How to fix GenAI chatbot giving imaginative or incorrect answers using LangChain and OpenAI APIs?

I’ve been developing a generative AI chatbot using LangChain and OpenAI’s GPT-3.5 Turbo model, along with OpenAI embeddings. The chatbot is designed to answer questions based on the content of a specific PDF document, which in this case is the Wikipedia page for Scuderia Ferrari.

Here are the steps I’ve taken:

  1. Used LangChain to process and manage the PDF content.
  2. Employed OpenAI embeddings to encode the content for better context understanding.
  3. Integrated the GPT-3.5 Turbo model to generate responses based on the user’s questions and the encoded context.

Despite these efforts, I’m encountering the following issues:

  1. Inaccurate Responses: Approximately 60% of the time, the chatbot provides incorrect or imaginative answers that are not grounded in the content of the PDF.
  2. Context Misunderstanding: Often, the chatbot responds by stating that the question is not related to the context, even when it clearly is.

What could be causing these issues, and how can I improve the accuracy and relevance of the chatbot’s responses? Are there specific techniques or best practices within LangChain, OpenAI embeddings, or GPT-3.5 Turbo that I should be using to enhance the chatbot’s performance?

Any insights or suggestions would be greatly appreciated.
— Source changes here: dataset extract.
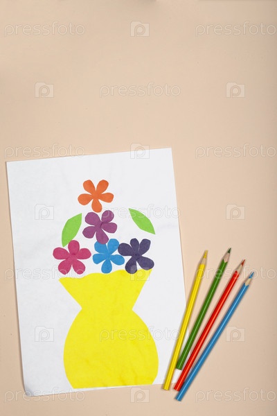 Поделки из бумаги для детей. Применение детского творчества. Детский сад и школа ремесел. На бежевом фоне ваза и цветы из цветной бумаги

Thank you!

import os
from dotenv import load_dotenv 
import streamlit as st
from langchain_openai import ChatOpenAI
from langchain_core.prompts import ChatPromptTemplate
from langchain_community.embeddings import OpenAIEmbeddings
from langchain_community.vectorstores import Chroma
from langchain.chains.combine_documents import create_stuff_documents_chain
from langchain.chains import create_retrieval_chain
from langchain_community.document_loaders import WebBaseLoader
from langchain.text_splitter import RecursiveCharacterTextSplitter  # Added
import bs4
from langchain_community.document_loaders import PyPDFLoader #directly load from pdf
from langchain_community.document_loaders import PyMuPDFLoader #directly load from pdf
from langchain_community.document_loaders import TextLoader

# Load environment variables from .env file
open_api_key = os.getenv('OPENAI_API_KEY')
langchain_key = os.getenv('LANGCHAIN_API_KEY')

# Set environment variables for OpenAI and Langchain
os.environ['OPENAI_API_KEY'] = open_api_key
os.environ['LANGCHAIN_API_KEY'] = langchain_key
os.environ["LANGCHAIN_TRACING_V2"] = "true"

# Define a function to interact with the chatbot
def run_chatbot():
    st.title('LangChain Chatbot with OpenAI')

    # User input text box
    input_text = st.text_input("You: ", "")

    # Initialize the language model
    llm = ChatOpenAI(model='gpt-3.5-turbo',temperature=0.7,max_tokens=1500) # Change to desired model

    # Define a prompt template
    prompt = ChatPromptTemplate.from_template('''Read the whole content carefully and understand the meaning of each and everyline in the context.When a question is asked understand the question carefully and search for a meaning ful response from the context.Do not give your own answers.
                                                <context>{context}</context>  Question:{input}''')

    loader = PyPDFLoader("sf.pdf")
    text_documents = loader.load()

    # Split documents into chunks
    txt_spt = RecursiveCharacterTextSplitter(chunk_size=10000, chunk_overlap=1000)
    documents = txt_spt.split_documents(text_documents)

    # Initialize Chroma DB and embeddings
    db = Chroma.from_documents(documents, OpenAIEmbeddings())

    # Create a document chain
    doc_chain = create_stuff_documents_chain(llm, prompt)

    # Create a retrieval chain
    retriever = db.as_retriever()
    retrieval_chain = create_retrieval_chain(retriever, doc_chain)

    # Check if there is input text
    if input_text:
        # Generate a response using the retrieval chain
        response = retrieval_chain.invoke({'input': input_text})

        # Display the response
        st.text_area("Bot:", value=res)

# Run the chatbot
if __name__ == "__main__":

Here’s some thoughts:

  1. document chunking and retrieval isn’t trivial. Check the actual resulting prompt and see if the retrieved content actually provides enough context. It’s possible that the quality of the information isn’t good enough, or something gets mangled in the html->pdf->txt conversion.
  2. OpenAI’s embeddings are probably good enough.
  3. If there is enough infomation and GPT-3.5 struggles, you may need to use GPT-4 instead.